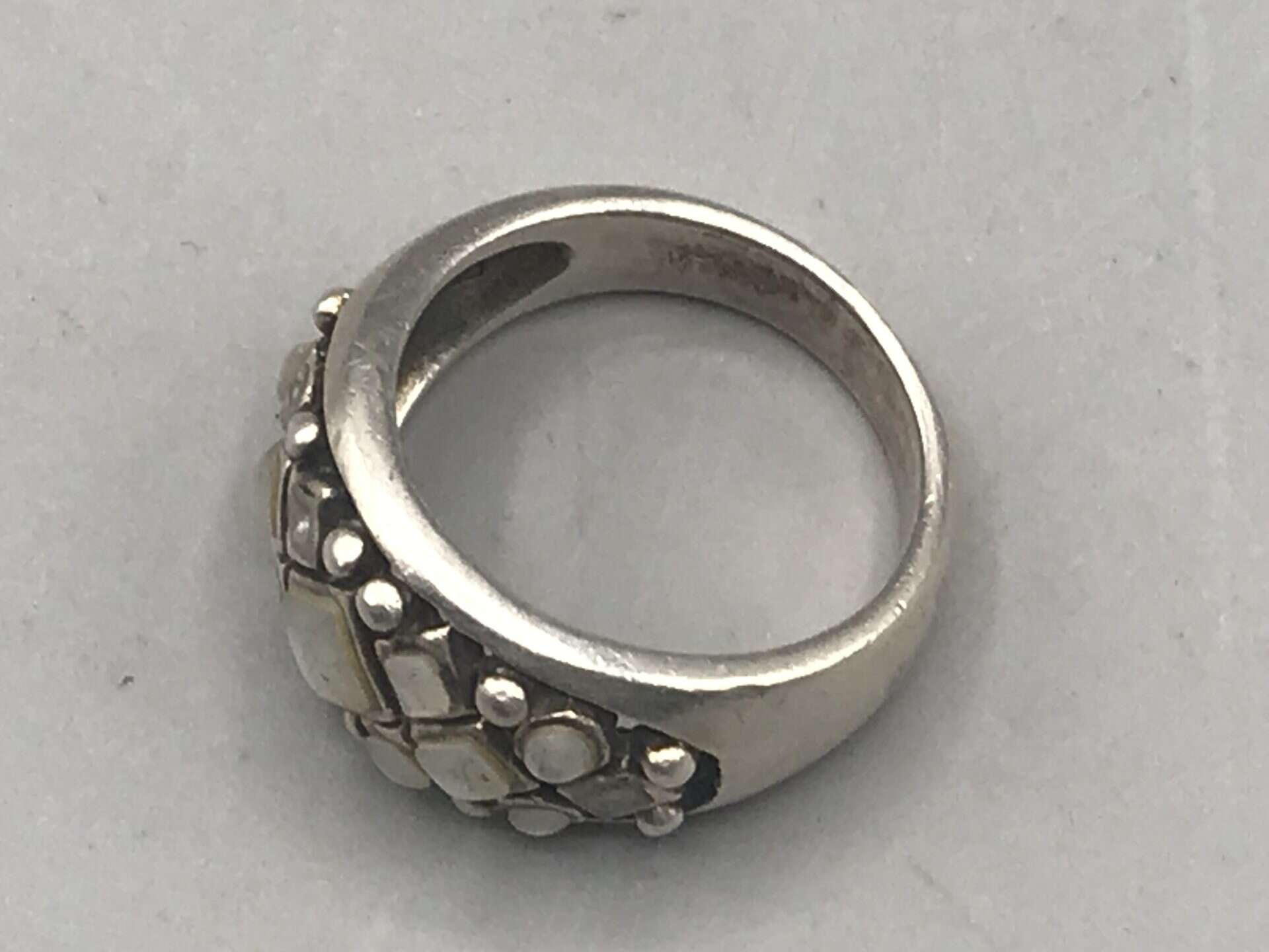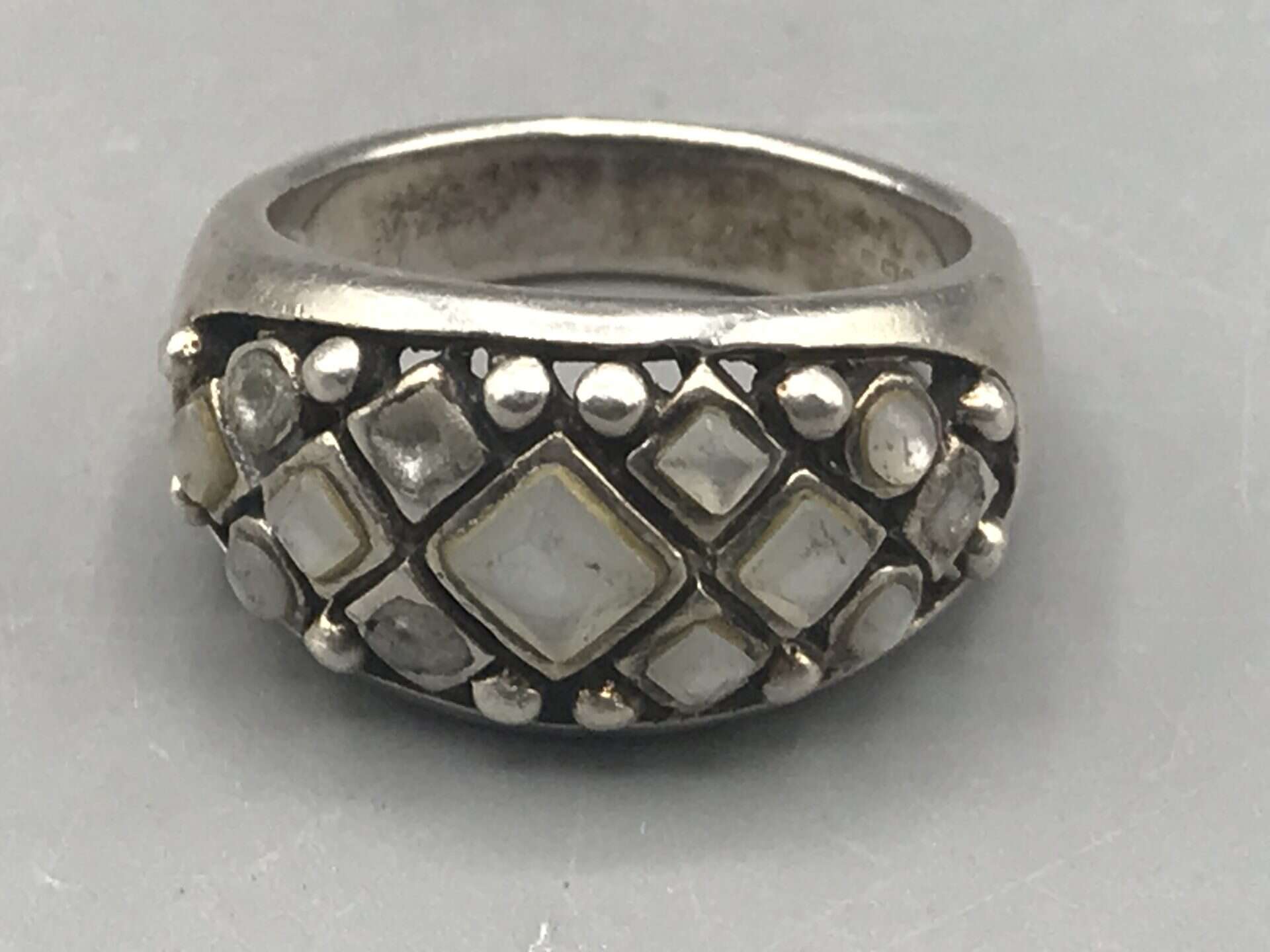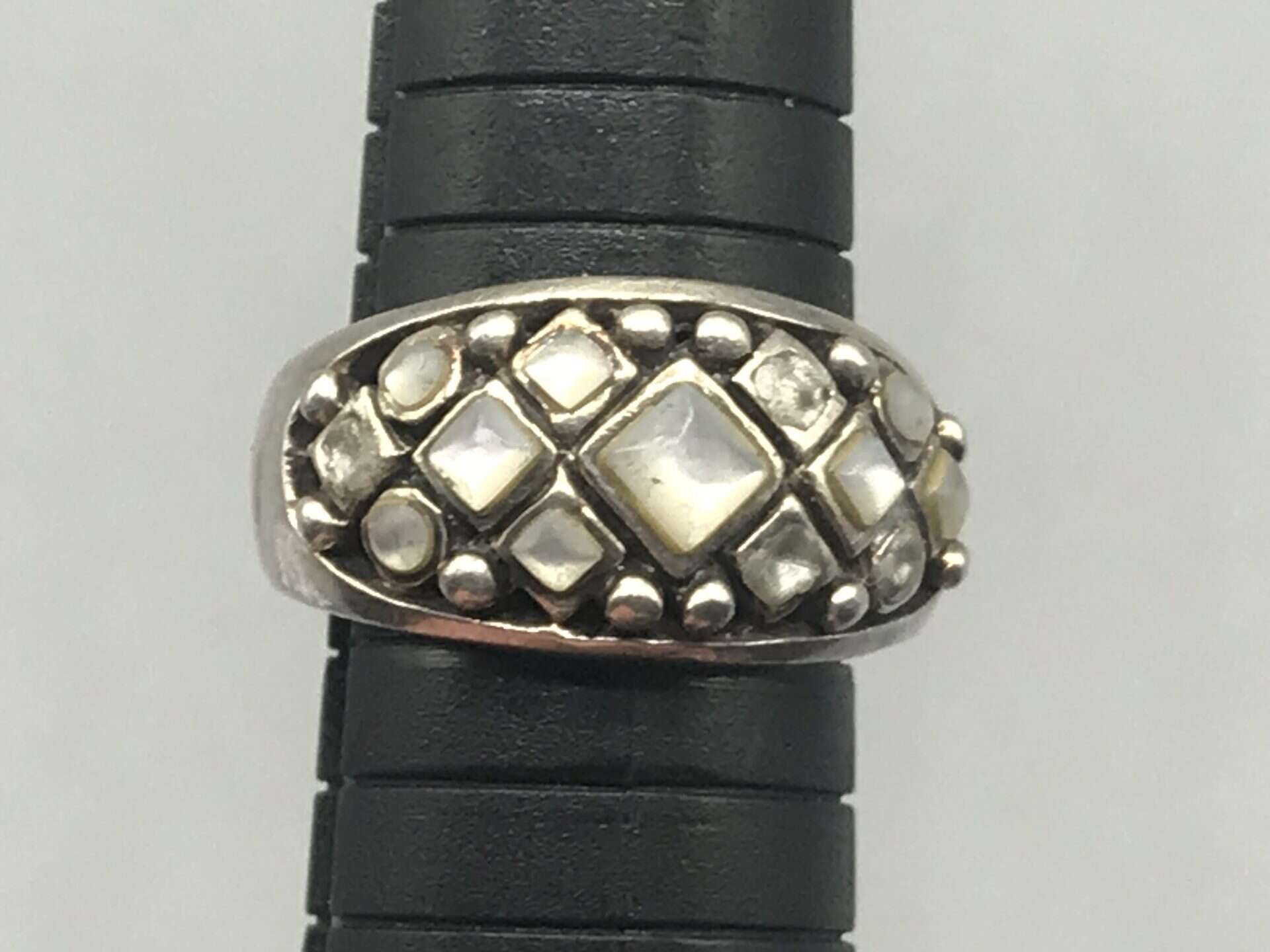 The wide band form and structured setting suggest a contemporary or late 20th century design, combining modern styling with traditional silversmithing techniques. The stones appear bezel set within a decorative grid, giving the ring strong visual presence while remaining wearable. A well made sterling silver ring with character, suitable for collectors of vintage and modern silver jewellery alike.
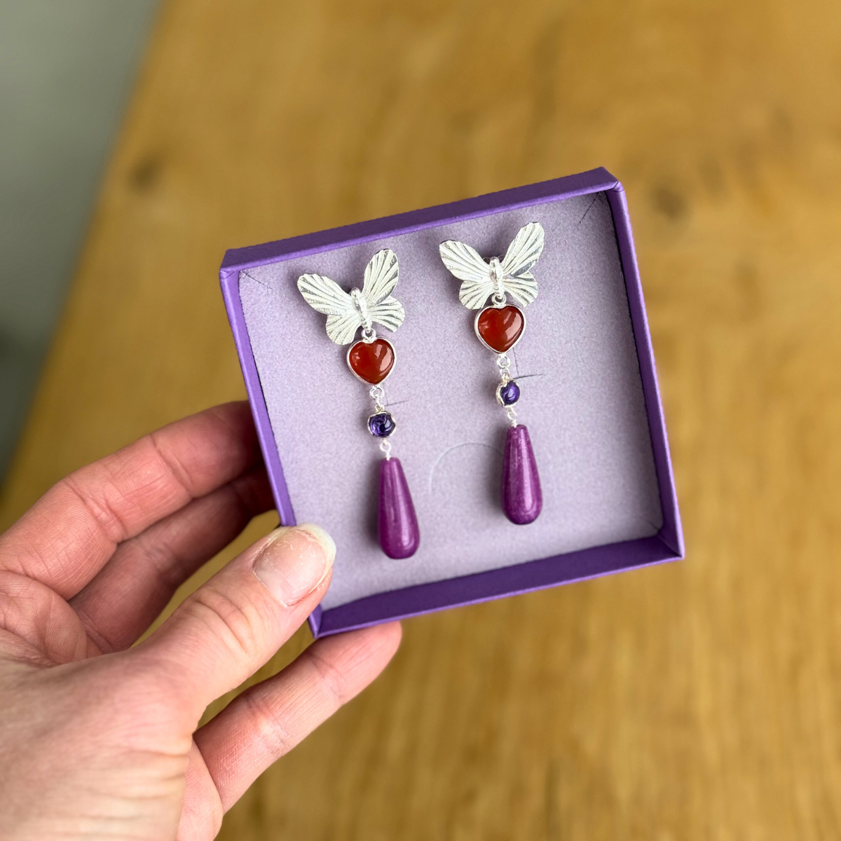 Et meget smukt sæt med et strejf af romantik. Sættet indeholder en flot stor sommerfugl og derunder hænger et karneol hjerte, en lille lilla ametyst og i bunden en dråbe af jade
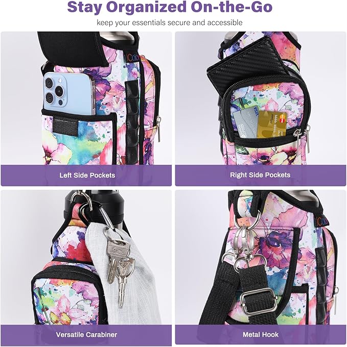 - Universal Fit & Practical: Designed to fit most standard water bottles up to 3.9" diameter, from 18oz to 40oz(500ml ~1300ml),Compatible Hydro Flask / YETI,the Phone Pocket Fits Large Phones as iPhone 15 /16 Pro Max/Samsung Ultra,Crafted from soft neoprene,sturdy yet lightweight,this gym water bottle holder bag offers a reliable solution for gym-goers seeking convenience and functionality.
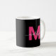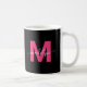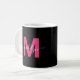 Personlig Modern Elegant Rosa och svart Namn Initial Monogram-kaffe Mugg. Den här chicen ger det feminina mugg en snyggt, en personlig beröring till varje kaffe eller te älskare. Monogrammet visas på båda sidor med ett fet magenta-rosa över en slimmad svart bakgrund med ett känsligt vitt skript namn och lägger till ett utfall, personlig-utseende från varje vinkel. Den här mugg är skapad med en modern minimalistisk syn och ger en tankeväckande gåva till födelsedagar, hemmabruk, helgdagar, eller bara för att. Det är också ett val för perfekten för möhippor, möhippor eller bröllopsdag, blandning av klassisk sofistikering med trendig, giftig charm.
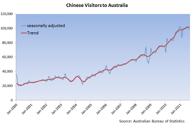 However, as total arrivals grow at an ever faster rate the Chinese market appears to be taking something of a breather. Seasonally adjusted data shows growth of 9.7% from a year ago for August which, whilst still strong, is weakest growth in 6 months and the fourth weakest month in the past 2 years. Considering the less volatile Trend series we see August with growth of 14.2% over last August which is the slowest pace of growth in over 2 years. Growth from China is still robust but it appears to have slowed somewhat in recent months (as the second graph below makes clear).
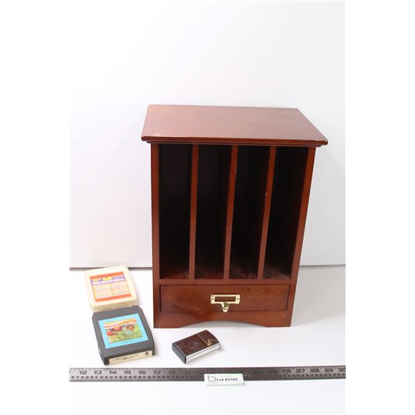 Wooden Desk Organizer (12"x9"x15.5")(Some Wear), (2) 8-Tracks: Beach Boys, Rock 60's, Zippo Lighter Cover
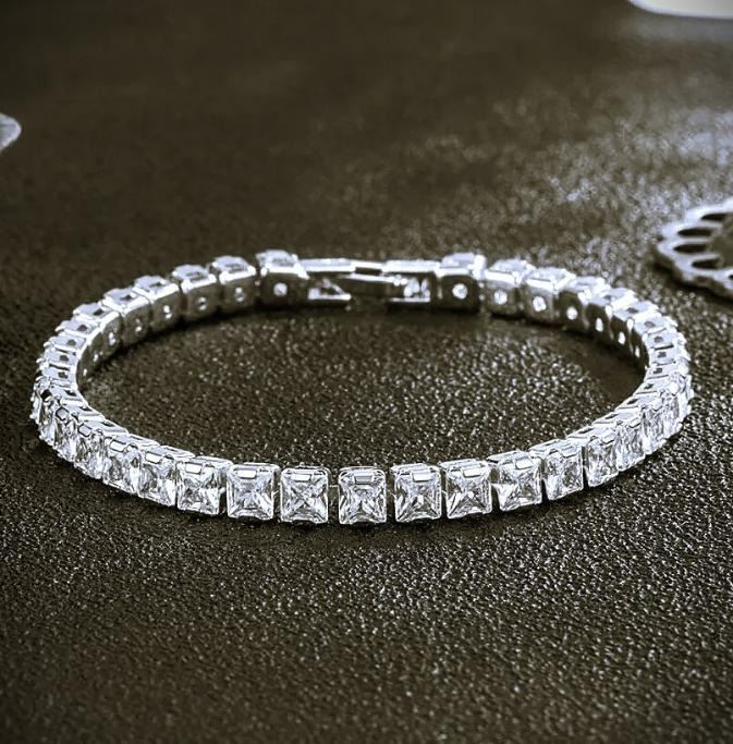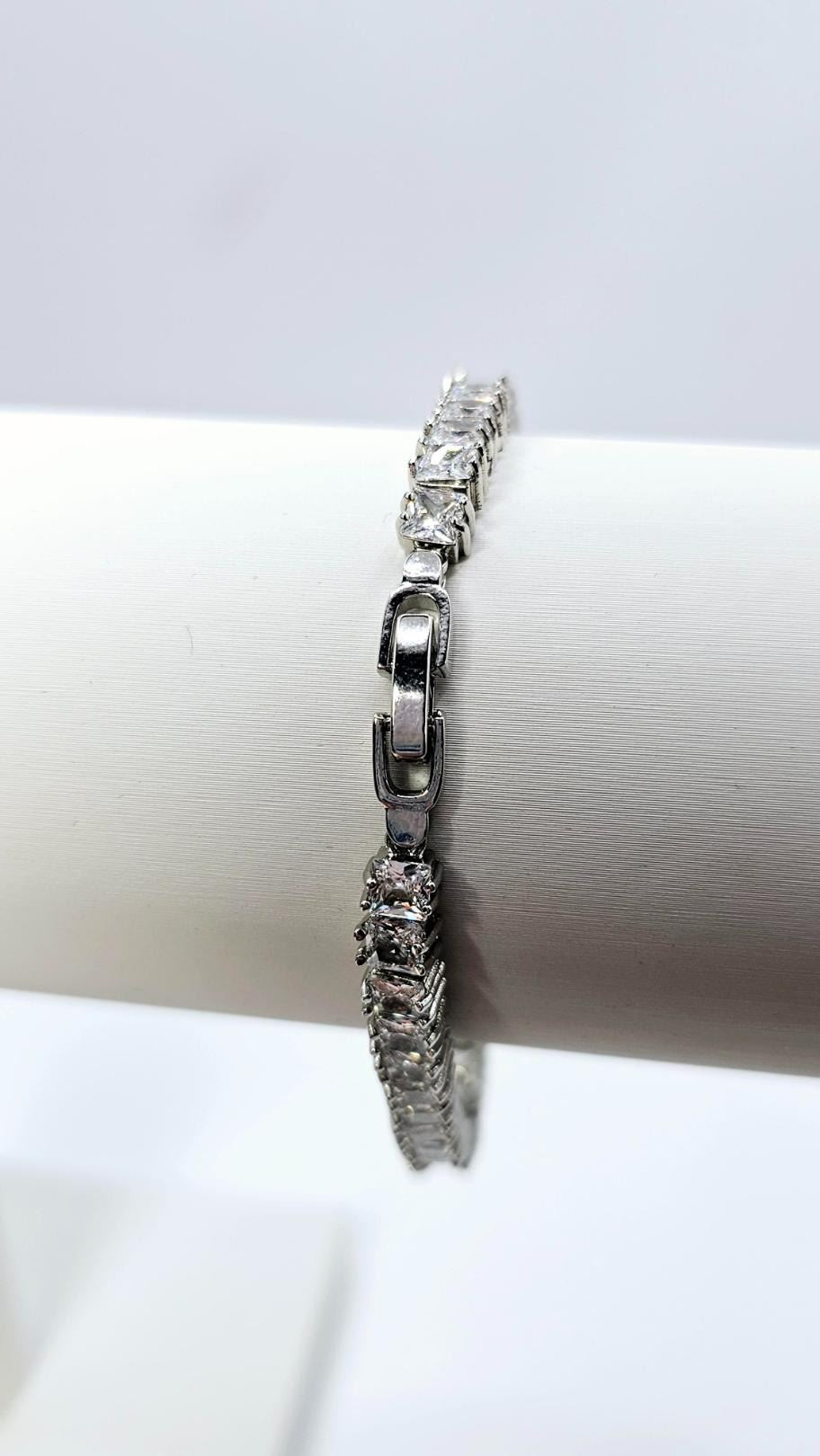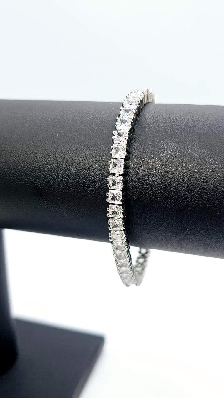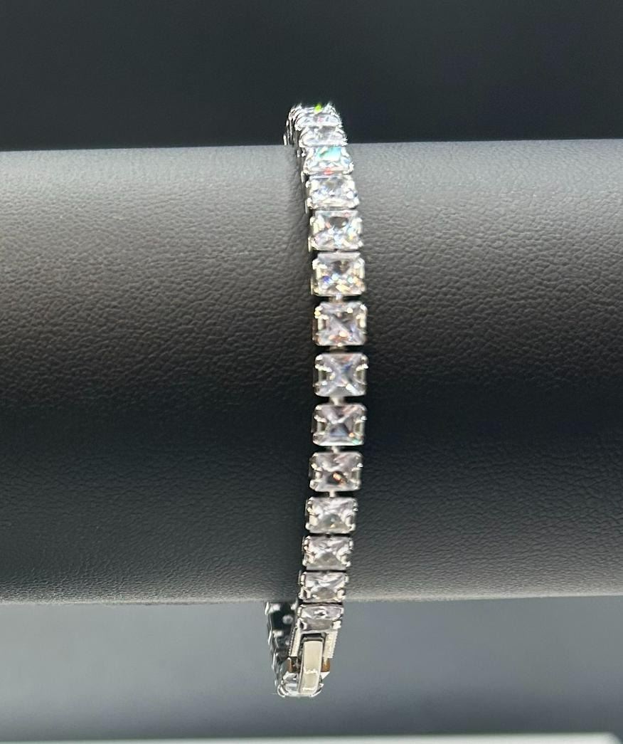 Sparkling 14 Kt White Gold Plated Simulated Diamond Tennis Bracelet
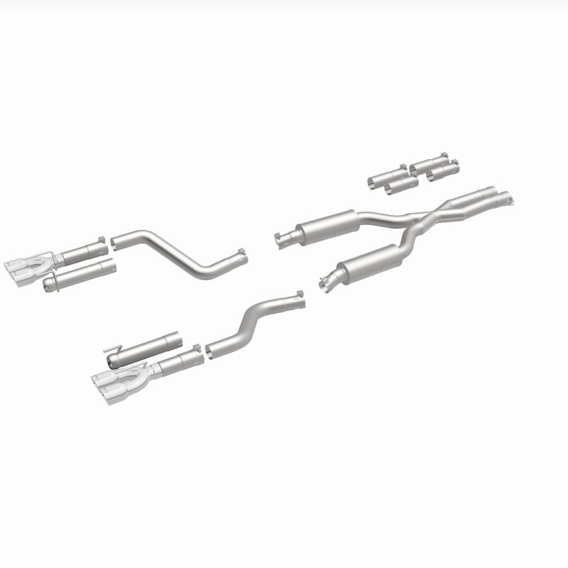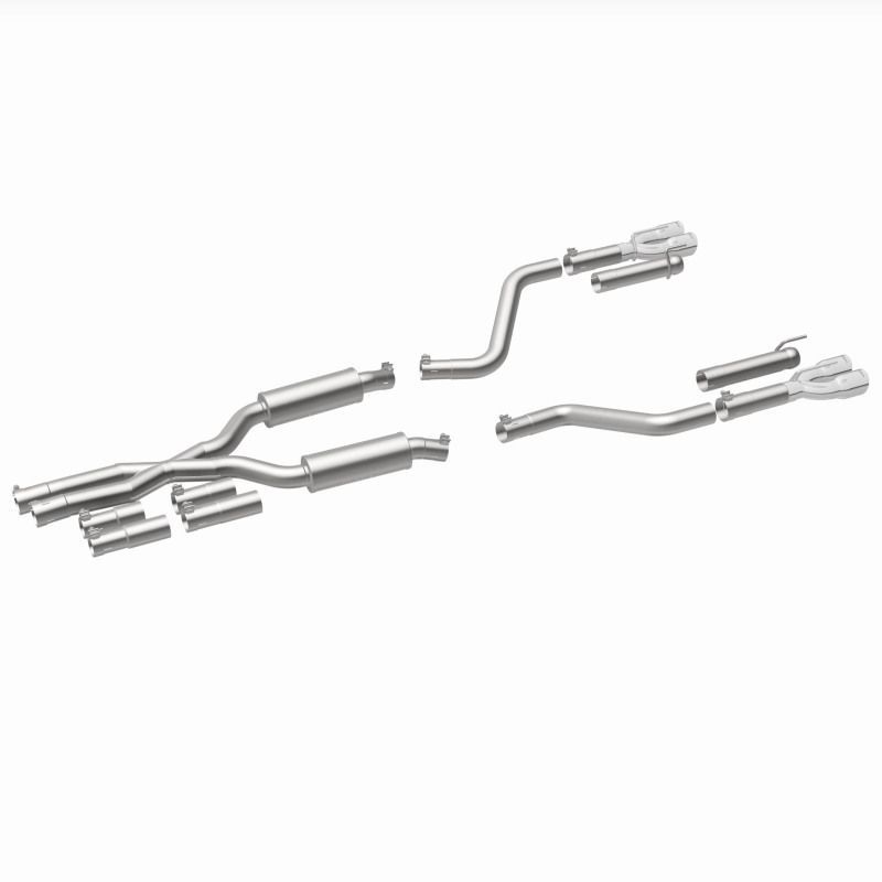 The MagnaFlow 2015-2023 Dodge Challenger Competition Series Cat-Back Performance Exhaust System brings an aggressive, attention-grabbing edge to the deep resonant exhaust note we're so well known for. This exhaust kit is designed to enhance your 5.7L, 6.2L, 6.4L 2015-2023 Dodge Challenger with dyno-proven performance made possible thanks to fast-flowing mandrel bent 3in. main piping and 2 Straight-Through mufflers ending in a Quad Split Rear exit with 3.5in. Polished Welded-On Double Wall Angle Cut Folded Edge tips featuring a sporty finish. The exhaust system's cat-back layout replaces your ride's exhaust system from near the catalytic converter on back. Exhaust system 19367 is engineered to make your vehicle's engine produce Aggressive exterior and Moderate interior sound levels, befitting its competition-oriented design. 19367's direct-fit design makes installation a breeze thanks to the use of advanced 3D scanning techniques. This performance exhaust system is made of 100% durable and corrosion-resistant stainless steel and produced using CNC precision robotic manufacturing, all backed by MagnaFlow's limited lifetime warranty. Please check to ensure compliance with local noise regulations.
__________
(TASK ITEM): From the first record to the last, print everything again exactly, without pictures.

(TASK SOLUTION):
 The wide band form and structured setting suggest a contemporary or late 20th century design, combining modern styling with traditional silversmithing techniques. The stones appear bezel set within a decorative grid, giving the ring strong visual presence while remaining wearable. A well made sterling silver ring with character, suitable for collectors of vintage and modern silver jewellery alike.
 Et meget smukt sæt med et strejf af romantik. Sættet indeholder en flot stor sommerfugl og derunder hænger et karneol hjerte, en lille lilla ametyst og i bunden en dråbe af jade
 - Universal Fit & Practical: Designed to fit most standard water bottles up to 3.9" diameter, from 18oz to 40oz(500ml ~1300ml),Compatible Hydro Flask / YETI,the Phone Pocket Fits Large Phones as iPhone 15 /16 Pro Max/Samsung Ultra,Crafted from soft neoprene,sturdy yet lightweight,this gym water bottle holder bag offers a reliable solution for gym-goers seeking convenience and functionality.
 Personlig Modern Elegant Rosa och svart Namn Initial Monogram-kaffe Mugg. Den här chicen ger det feminina mugg en snyggt, en personlig beröring till varje kaffe eller te älskare. Monogrammet visas på båda sidor med ett fet magenta-rosa över en slimmad svart bakgrund med ett känsligt vitt skript namn och lägger till ett utfall, personlig-utseende från varje vinkel. Den här mugg är skapad med en modern minimalistisk syn och ger en tankeväckande gåva till födelsedagar, hemmabruk, helgdagar, eller bara för att. Det är också ett val för perfekten för möhippor, möhippor eller bröllopsdag, blandning av klassisk sofistikering med trendig, giftig charm.
 However, as total arrivals grow at an ever faster rate the Chinese market appears to be taking something of a breather. Seasonally adjusted data shows growth of 9.7% from a year ago for August which, whilst still strong, is weakest growth in 6 months and the fourth weakest month in the past 2 years. Considering the less volatile Trend series we see August with growth of 14.2% over last August which is the slowest pace of growth in over 2 years. Growth from China is still robust but it appears to have slowed somewhat in recent months (as the second graph below makes clear).
 Wooden Desk Organizer (12"x9"x15.5")(Some Wear), (2) 8-Tracks: Beach Boys, Rock 60's, Zippo Lighter Cover
 Sparkling 14 Kt White Gold Plated Simulated Diamond Tennis Bracelet
 The MagnaFlow 2015-2023 Dodge Challenger Competition Series Cat-Back Performance Exhaust System brings an aggressive, attention-grabbing edge to the deep resonant exhaust note we're so well known for. This exhaust kit is designed to enhance your 5.7L, 6.2L, 6.4L 2015-2023 Dodge Challenger with dyno-proven performance made possible thanks to fast-flowing mandrel bent 3in. main piping and 2 Straight-Through mufflers ending in a Quad Split Rear exit with 3.5in. Polished Welded-On Double Wall Angle Cut Folded Edge tips featuring a sporty finish. The exhaust system's cat-back layout replaces your ride's exhaust system from near the catalytic converter on back. Exhaust system 19367 is engineered to make your vehicle's engine produce Aggressive exterior and Moderate interior sound levels, befitting its competition-oriented design. 19367's direct-fit design makes installation a breeze thanks to the use of advanced 3D scanning techniques. This performance exhaust system is made of 100% durable and corrosion-resistant stainless steel and produced using CNC precision robotic manufacturing, all backed by MagnaFlow's limited lifetime warranty. Please check to ensure compliance with local noise regulations.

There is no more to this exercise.